------ Data provided

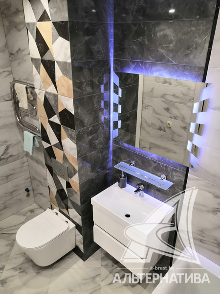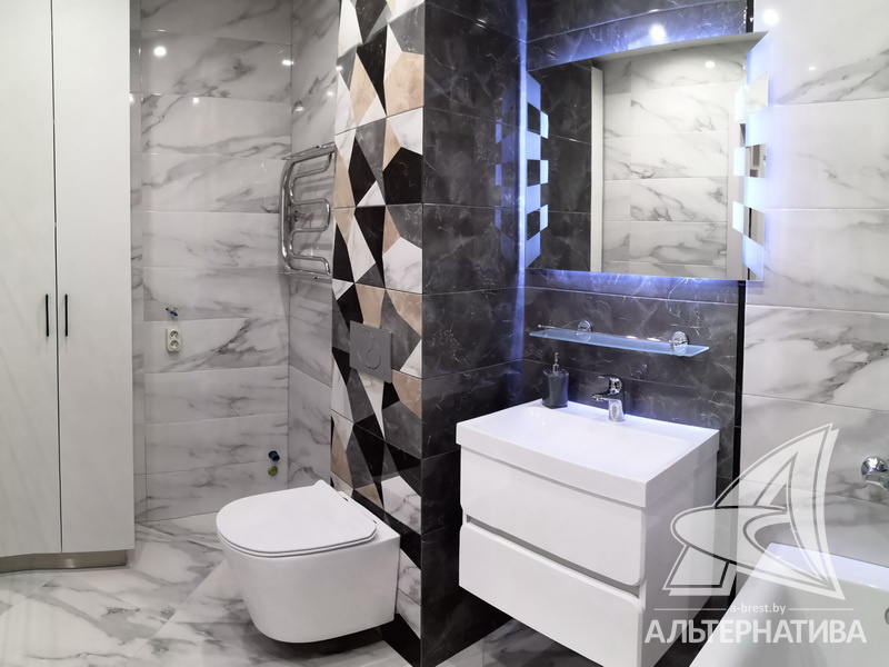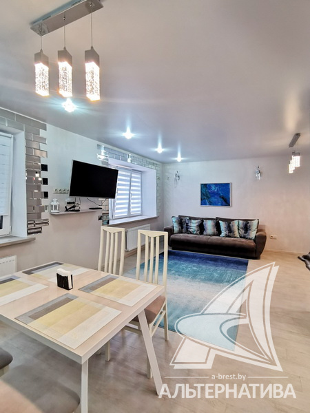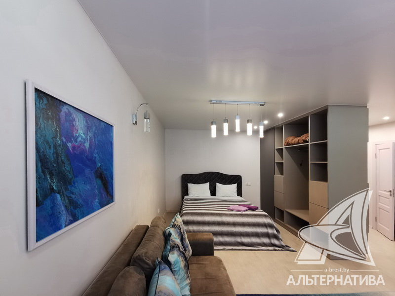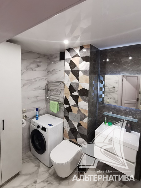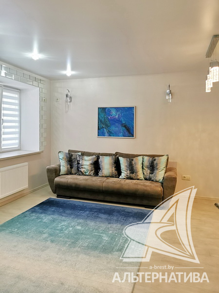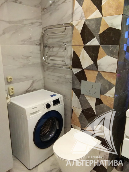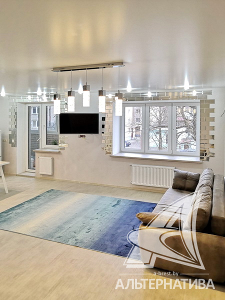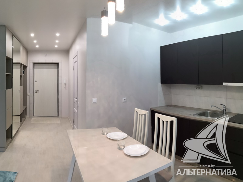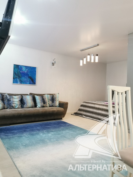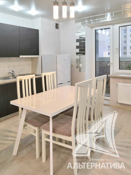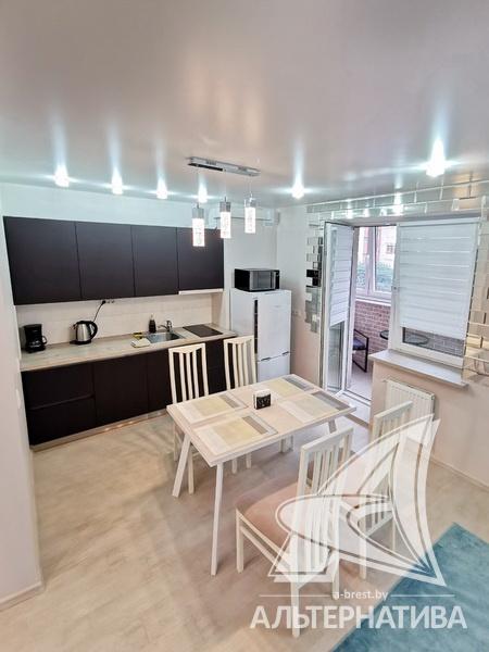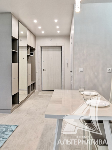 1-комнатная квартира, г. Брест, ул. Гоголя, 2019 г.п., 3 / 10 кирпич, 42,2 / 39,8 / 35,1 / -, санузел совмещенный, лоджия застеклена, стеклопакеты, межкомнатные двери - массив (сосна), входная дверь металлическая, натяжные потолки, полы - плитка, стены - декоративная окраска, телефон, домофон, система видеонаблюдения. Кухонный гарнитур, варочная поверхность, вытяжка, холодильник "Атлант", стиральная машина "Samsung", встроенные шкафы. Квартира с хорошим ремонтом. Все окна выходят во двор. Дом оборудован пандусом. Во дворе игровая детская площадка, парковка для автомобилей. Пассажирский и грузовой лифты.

------------
------ Data provided

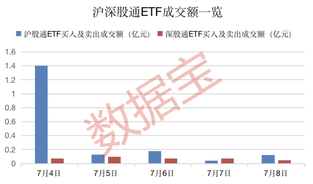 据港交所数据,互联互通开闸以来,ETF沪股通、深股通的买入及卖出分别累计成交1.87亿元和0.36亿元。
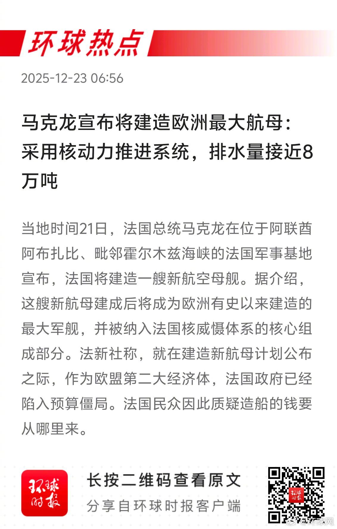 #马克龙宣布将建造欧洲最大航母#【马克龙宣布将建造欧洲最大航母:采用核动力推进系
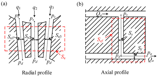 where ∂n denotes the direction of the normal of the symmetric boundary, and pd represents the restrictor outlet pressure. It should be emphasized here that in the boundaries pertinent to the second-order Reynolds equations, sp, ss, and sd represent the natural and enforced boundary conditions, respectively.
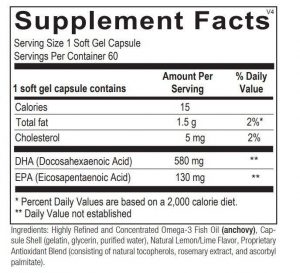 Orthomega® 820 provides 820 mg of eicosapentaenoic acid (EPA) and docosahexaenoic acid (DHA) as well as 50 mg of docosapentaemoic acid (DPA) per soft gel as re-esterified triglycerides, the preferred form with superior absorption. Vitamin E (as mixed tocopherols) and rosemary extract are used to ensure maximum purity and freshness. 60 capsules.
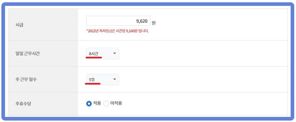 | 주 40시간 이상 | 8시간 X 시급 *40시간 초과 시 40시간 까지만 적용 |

------------

Write out the lines above from the one with "据港交所数据,互联互通开闸以" through the one with "40시간 까지만 적용 |", ends included, exactly; no picture goes in.

### Your solution
 据港交所数据,互联互通开闸以来,ETF沪股通、深股通的买入及卖出分别累计成交1.87亿元和0.36亿元。
 #马克龙宣布将建造欧洲最大航母#【马克龙宣布将建造欧洲最大航母:采用核动力推进系
 where ∂n denotes the direction of the normal of the symmetric boundary, and pd represents the restrictor outlet pressure. It should be emphasized here that in the boundaries pertinent to the second-order Reynolds equations, sp, ss, and sd represent the natural and enforced boundary conditions, respectively.
 Orthomega® 820 provides 820 mg of eicosapentaenoic acid (EPA) and docosahexaenoic acid (DHA) as well as 50 mg of docosapentaemoic acid (DPA) per soft gel as re-esterified triglycerides, the preferred form with superior absorption. Vitamin E (as mixed tocopherols) and rosemary extract are used to ensure maximum purity and freshness. 60 capsules.
 | 주 40시간 이상 | 8시간 X 시급 *40시간 초과 시 40시간 까지만 적용 |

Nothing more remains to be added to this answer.